Abdullah Al-Shanqiti

Personal information
- Full name: Abdullah Ahmed Al-Shanqiti
- Date of birth: 22 December 1998 (age 27)
- Place of birth: Medina, Saudi Arabia
- Height: 1.84 m (6 ft 0 in)
- Position: Defender

Team information
- Current team: Al-Hazem
- Number: 13

Youth career
- Al-Ansar

Senior career*
- Years: Team / Apps / (Gls)
- 2017–2020: Al-Ansar / 70 / (2)
- 2020–2022: Al-Nassr / 0 / (0)
- 2021–2022: → Al-Raed (loan) / 10 / (0)
- 2022–2024: Al-Khaleej / 25 / (0)
- 2024–: Al-Hazem / 20 / (1)

International career
- 2018–2019: Saudi Arabia U23

= Abdullah Al-Shanqiti =

Saudi Arabian footballer (born 1998)

Abdullah Al-Shanqiti (عبد الله الشنقيطي; born 22 December 1998) is a Saudi Arabian professional footballer who plays as a defender for Al-Hazem.

==Career==
Al-Shanqiti started his career at the youth team of Al-Ansar and represented the club at every level.

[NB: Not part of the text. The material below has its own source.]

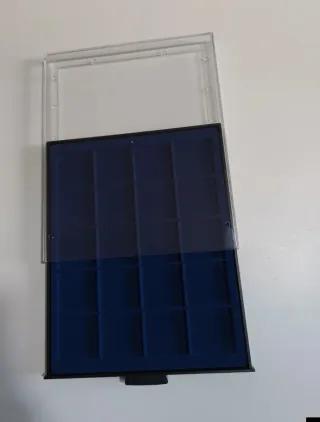 Cassetto porta monete o medaglie con 45 scomparti individuali. - Scomparti varie misure - Rivestimento interno blu. - Struttura in plastica nera. - Coperchio trasparente.

On 18 July 2020, he joined Al-Nassr from Al-Ansar for a reported fee of SAR 1 million and signed a three-year contract with the club. On 7 August 2021, Al-Shanqiti joined Al-Raed on loan. On 17 September 2021, he made his professional debut for Al-Raed against Al-Taawoun in the Pro League, replacing Karim El Berkaoui. On 27 July 2022, he joined Al-Khaleej on a two-year deal. In August 2024, Al-Shanqiti joined Al-Hazem.